Beyond memoryless models
- If we give our generative model some hidden state, and if we give this hidden state its own internal dynamics, we get a much more interesting kind of model.
- It can store information in its hidden state for a long time.
- If the dynamics is noisy and the way it generates outputs from its hidden state is noisy, we can never know its exact hidden state.
- The best we can do is to infer a probability distribution over the space of hidden state vectors.
- This inference is only tractable for two types of hidden state model.
- The next three slides are mainly intended for people who already know about these two types of hidden state model. They show how RNNs differ.
- Do not worry if you cannot follow the details.
Linear Dynamical Systems (engineers love them!)
- These are generative models. They have a realvalued hidden state that cannot be observed directly.
- The hidden state has linear dynamics with Gaussian noise and produces the observations using a linear model with Gaussian noise.

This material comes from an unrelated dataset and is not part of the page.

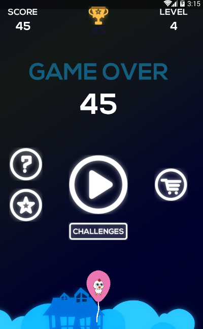 保护小鸡上升是一款趣味休闲类手游,画风十分魔性,玩法类似保护气球上升,在保护小鸡上升手游中,玩家通过操控一个气球里的小鸡不断飞上天空,灵活进行向左或向右的移动,来躲避障碍物,顺利到达终点。
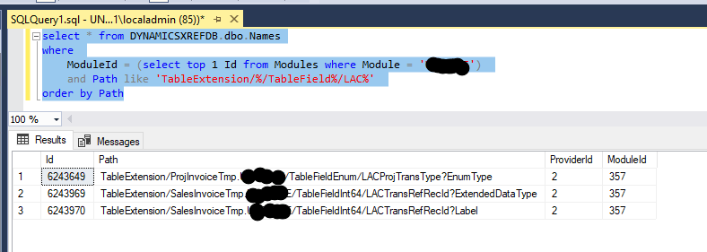 We now need to find all lasernet fields in our custom model that slipped through and remove them. We will use the XREF db for this. Whenever you compile code (FULL model build!) Visual Studio will write all elements and calls (in and outgoing) into ‚DYNAMICSXREFDB‘.

- There may also be driving inputs.
- To predict the next output (so that we can shoot down the missile) we need to infer the hidden state.
- A linearly transformed Gaussian is a Gaussian. So the distribution over the hidden.
A fundamental limitation of HMMs
- Consider what happens when a hidden Markov model generates data.
- At each time step it must select one of its hidden states. So with N hidden states it can only remember log(N) bits about what it generated so far.
- Consider the information that the first half of an utterance contains about the second half:
- The syntax needs to fit (e.g. number and tense agreement).
- The semantics needs to fit. The intonation needs to fit.
- The accent, rate, volume, and vocal tract characteristics must all fit.
- All these aspects combined could be 100 bits of information that the first half of an utterance needs to convey to the second half. 2^100
Recurrent neural networks
- RNNs are very powerful, because they combine two properties:
- Distributed hidden state that allows them to store a lot of information about the past efficiently.
- Non-linear dynamics that allows them to update their hidden state in complicated ways.
- With enough neurons and time, RNNs can compute anything that can be computed by your computer.
Do generative models need to be stochastic?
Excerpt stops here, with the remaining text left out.